Putin’s infowar on America

Donald Trump induced some kind of a nervous breakdown in the Democrat/Media Complex last week with his invitation that Russia release its putative trove of deleted Clinton emails. The Democrats’ hysteria constituted an exercise in bad faith, the Media’s hysteria an exercise in servile stupidity. That’s just the way it is.

They have moved on. They now seek to exploit Donald Trump’s refusal to abide by the first law of holes in the case of Khizr Khan. In Trump’s view, the first law of holes doesn’t apply to him.

Gordon Crovitz writes the weekly Information Age column for the Wall Street Journal. Writing on a weekly schedule, Crovitz hasn’t moved on yet. This week he devoted his column to Putin’s “infowar on America” (accessible via Google here).
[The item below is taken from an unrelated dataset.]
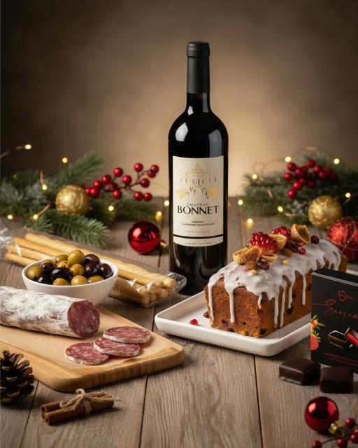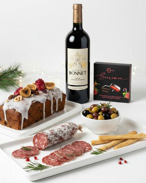 Väike kinkekarp gurmee, jõulukeeksi ja punase kvaliteetveiniga.

Crovitz makes several interesting points in his conclusion:

Liberals who long treated Edward Snowden and Julian Assange as heroes are now offended that WikiLeaks distributed the Russian hacks of the DNC. Journalist Franklin Foer complained in Slate last week that the “breathtaking transgression of privacy” of Democratic Party officials will have a “chilling effect” undermining the ability “to communicate honestly.” That was the exact purpose of the hacks of hundreds of thousands of U.S. diplomatic cables distributed by WikiLeaks in 2011 through the New York Times and London’s Guardian.
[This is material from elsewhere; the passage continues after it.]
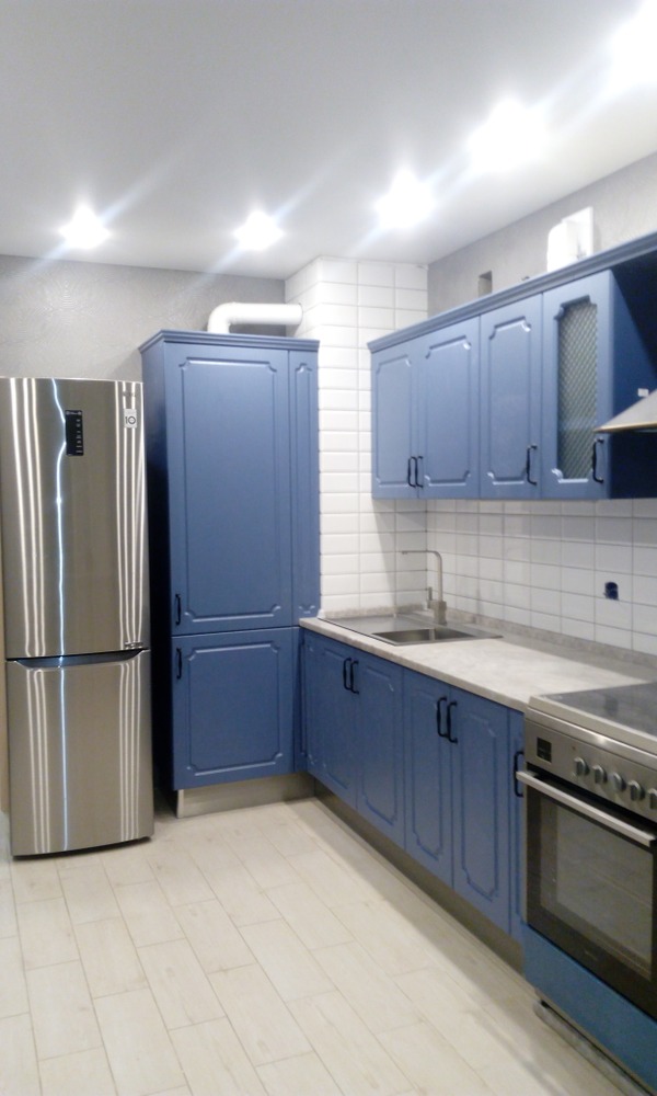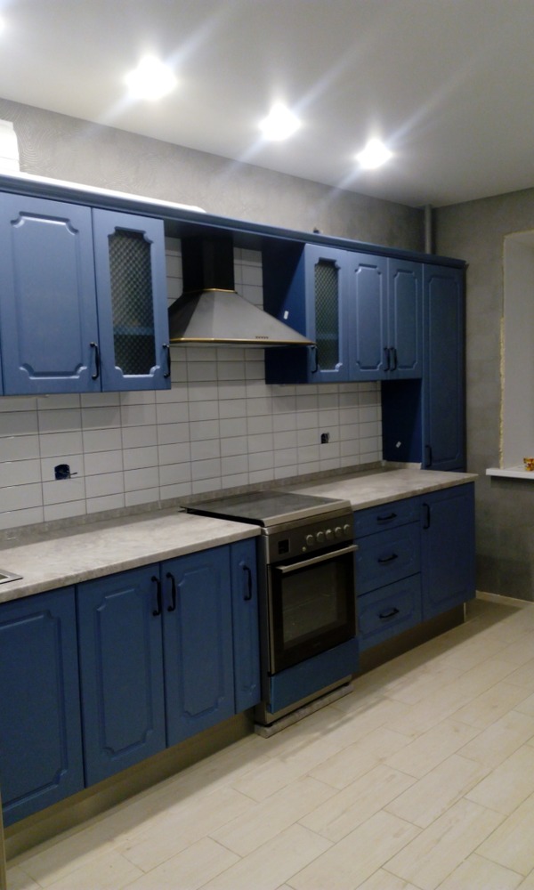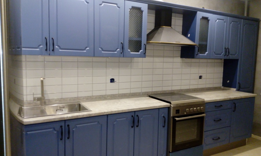 Современная кухня из МДФ. Удлиненные верхние шкафы.

“It is not our goal to achieve a more transparent society,” Mr. Assange, the WikiLeaks founder, told Time in 2010. Instead, the objective is to force U.S. officials to “lock down internally and to balkanize” so they will “cease to be as efficient as they were.”

What can be done about infowar? Donald Trump was criticized last week for encouraging Russia to disclose Mrs. Clinton’s emails, but making them public would be the best way to deprive Mr. Putin of the advantage he gains by holding them. A U.S. ally that spies on Washington as much as Washington spies on it, such as Israel or France, would do Americans a favor by making public its copy of Mrs. Clinton’s emails. Otherwise, Moscow can drip the emails out on its schedule with its spin—or hold them back as blackmail against Mrs. Clinton should she reach the White House. American voters should know what Mr. Putin knows.

The Obama administration has been passive in response to Russia’s infowar—even reluctant to admit its existence officially. Washington’s best deterrence would be to reply in kind. The U.S. could hack and release Mr. Putin’s bank accounts detailing how rich he has become in office. U.S. prosecutors could use hacked information to indict Putin business cronies and deny visas to their associates and relatives.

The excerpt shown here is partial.